* [Given information]
+--

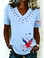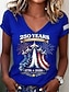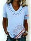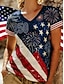 Jour de l'Indépendance T-shirt Patriote pour Femme Graphique Drapeau Vintage Chic Classique Manches Courtes Col V Hauts Quotidiens Weekend Imprimé Blanc Bleu Été Printemps
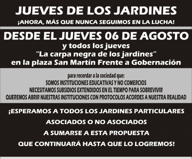 Los dueños y responsables de jardines de infantes de Rosario montaron este jueves una “carpa negra” para reclamar mayor asistencia del gobierno provincial en medio de la crisis por la falta de actividad en el marco de la pandemia de coronavirus.
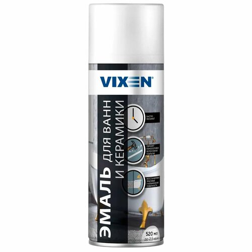 Эмаль аэрозольная для ванн и керамики Vixen — материал для восстановления поврежденных поверхностей. По завершении реставрационной процедуры образуется качественное белоснежное покрытие повышенной износоустойчивости. Вещество может применяться для ванн, холодильников, стиральных машин, керамических плит. Основные характеристики - Объем — 520 мл. - Форма — аэрозоль. - Расход — баллон на 1,5–2,5 м^2^. Рекомендации по нанесению Перед нанесением эмали следует тщательно зачистить и обезжирить поврежденные участки поверхности. Содержимое баллона перед употреблением рекомендуется взболтать в течение 2–3 минут. Материал распыляют с расстояния 25 см. Если наносится больше одного слоя, нужно сделать паузу 10–15 минут. Температура в рабочем помещении должна быть не меньше +10 °С.

+--

* [Instructions to follow] An exact repeat of the listing above, pictures excluded, is the answer.

* [Finished exercise]
 Jour de l'Indépendance T-shirt Patriote pour Femme Graphique Drapeau Vintage Chic Classique Manches Courtes Col V Hauts Quotidiens Weekend Imprimé Blanc Bleu Été Printemps
 Los dueños y responsables de jardines de infantes de Rosario montaron este jueves una “carpa negra” para reclamar mayor asistencia del gobierno provincial en medio de la crisis por la falta de actividad en el marco de la pandemia de coronavirus.
 Эмаль аэрозольная для ванн и керамики Vixen — материал для восстановления поврежденных поверхностей. По завершении реставрационной процедуры образуется качественное белоснежное покрытие повышенной износоустойчивости. Вещество может применяться для ванн, холодильников, стиральных машин, керамических плит. Основные характеристики - Объем — 520 мл. - Форма — аэрозоль. - Расход — баллон на 1,5–2,5 м^2^. Рекомендации по нанесению Перед нанесением эмали следует тщательно зачистить и обезжирить поврежденные участки поверхности. Содержимое баллона перед употреблением рекомендуется взболтать в течение 2–3 минут. Материал распыляют с расстояния 25 см. Если наносится больше одного слоя, нужно сделать паузу 10–15 минут. Температура в рабочем помещении должна быть не меньше +10 °С.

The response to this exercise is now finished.